Aim of the exercise: Under this line are the records; repeat exactly the lines starting at the one containing "LEVANTE 103 sofa" and ending at the one containing "金鯧魚價格 水產養殖 |", omitting pictures.

The input:
= = =
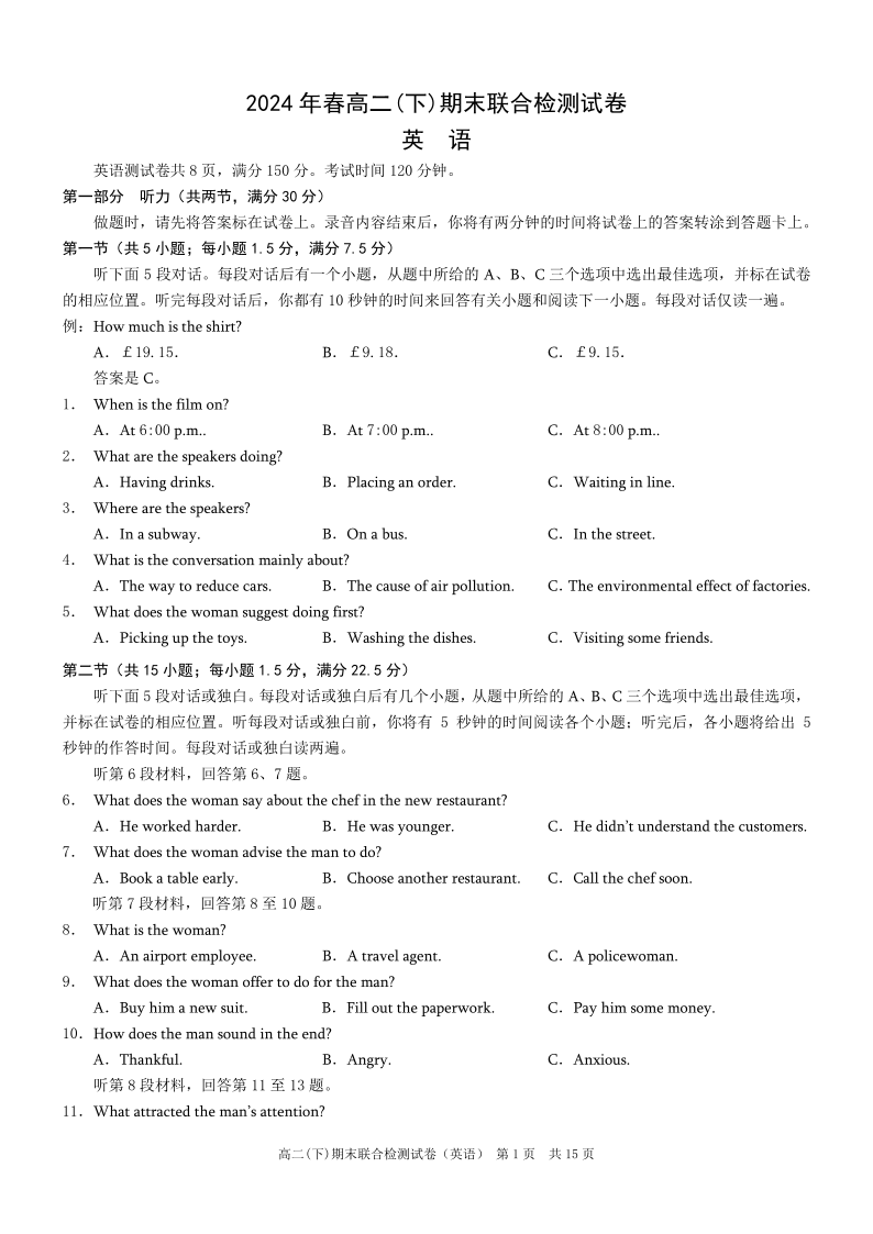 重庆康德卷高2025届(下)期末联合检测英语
= = =
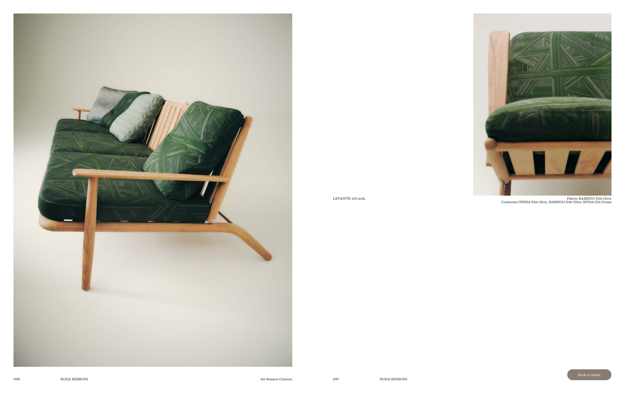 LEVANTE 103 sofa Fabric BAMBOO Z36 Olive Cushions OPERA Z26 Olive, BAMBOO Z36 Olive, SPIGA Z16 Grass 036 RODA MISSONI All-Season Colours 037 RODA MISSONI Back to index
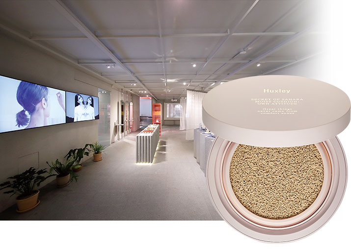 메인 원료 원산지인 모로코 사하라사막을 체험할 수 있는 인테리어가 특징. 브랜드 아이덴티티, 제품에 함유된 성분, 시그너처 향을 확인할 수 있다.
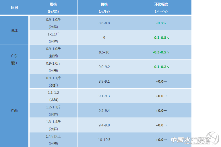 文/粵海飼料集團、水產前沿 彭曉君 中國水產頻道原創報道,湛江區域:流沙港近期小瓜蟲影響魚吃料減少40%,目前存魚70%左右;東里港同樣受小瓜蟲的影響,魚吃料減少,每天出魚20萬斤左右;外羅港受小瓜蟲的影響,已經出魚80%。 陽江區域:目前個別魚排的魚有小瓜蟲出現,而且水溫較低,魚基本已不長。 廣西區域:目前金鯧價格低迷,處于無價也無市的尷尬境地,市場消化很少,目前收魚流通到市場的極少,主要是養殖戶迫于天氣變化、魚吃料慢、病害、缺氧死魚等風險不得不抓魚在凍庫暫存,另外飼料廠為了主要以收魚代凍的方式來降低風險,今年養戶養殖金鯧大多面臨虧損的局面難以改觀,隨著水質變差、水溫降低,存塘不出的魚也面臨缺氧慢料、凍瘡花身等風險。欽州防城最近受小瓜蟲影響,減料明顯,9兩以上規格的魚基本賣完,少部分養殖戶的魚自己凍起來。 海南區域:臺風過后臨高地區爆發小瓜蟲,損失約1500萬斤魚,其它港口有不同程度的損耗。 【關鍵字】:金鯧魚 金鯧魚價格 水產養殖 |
= = =
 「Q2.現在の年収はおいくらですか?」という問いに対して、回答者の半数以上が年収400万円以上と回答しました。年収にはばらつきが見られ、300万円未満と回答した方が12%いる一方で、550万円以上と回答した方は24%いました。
= = =
Your response:
 LEVANTE 103 sofa Fabric BAMBOO Z36 Olive Cushions OPERA Z26 Olive, BAMBOO Z36 Olive, SPIGA Z16 Grass 036 RODA MISSONI All-Season Colours 037 RODA MISSONI Back to index
 메인 원료 원산지인 모로코 사하라사막을 체험할 수 있는 인테리어가 특징. 브랜드 아이덴티티, 제품에 함유된 성분, 시그너처 향을 확인할 수 있다.
 文/粵海飼料集團、水產前沿 彭曉君 中國水產頻道原創報道,湛江區域:流沙港近期小瓜蟲影響魚吃料減少40%,目前存魚70%左右;東里港同樣受小瓜蟲的影響,魚吃料減少,每天出魚20萬斤左右;外羅港受小瓜蟲的影響,已經出魚80%。 陽江區域:目前個別魚排的魚有小瓜蟲出現,而且水溫較低,魚基本已不長。 廣西區域:目前金鯧價格低迷,處于無價也無市的尷尬境地,市場消化很少,目前收魚流通到市場的極少,主要是養殖戶迫于天氣變化、魚吃料慢、病害、缺氧死魚等風險不得不抓魚在凍庫暫存,另外飼料廠為了主要以收魚代凍的方式來降低風險,今年養戶養殖金鯧大多面臨虧損的局面難以改觀,隨著水質變差、水溫降低,存塘不出的魚也面臨缺氧慢料、凍瘡花身等風險。欽州防城最近受小瓜蟲影響,減料明顯,9兩以上規格的魚基本賣完,少部分養殖戶的魚自己凍起來。 海南區域:臺風過后臨高地區爆發小瓜蟲,損失約1500萬斤魚,其它港口有不同程度的損耗。 【關鍵字】:金鯧魚 金鯧魚價格 水產養殖 |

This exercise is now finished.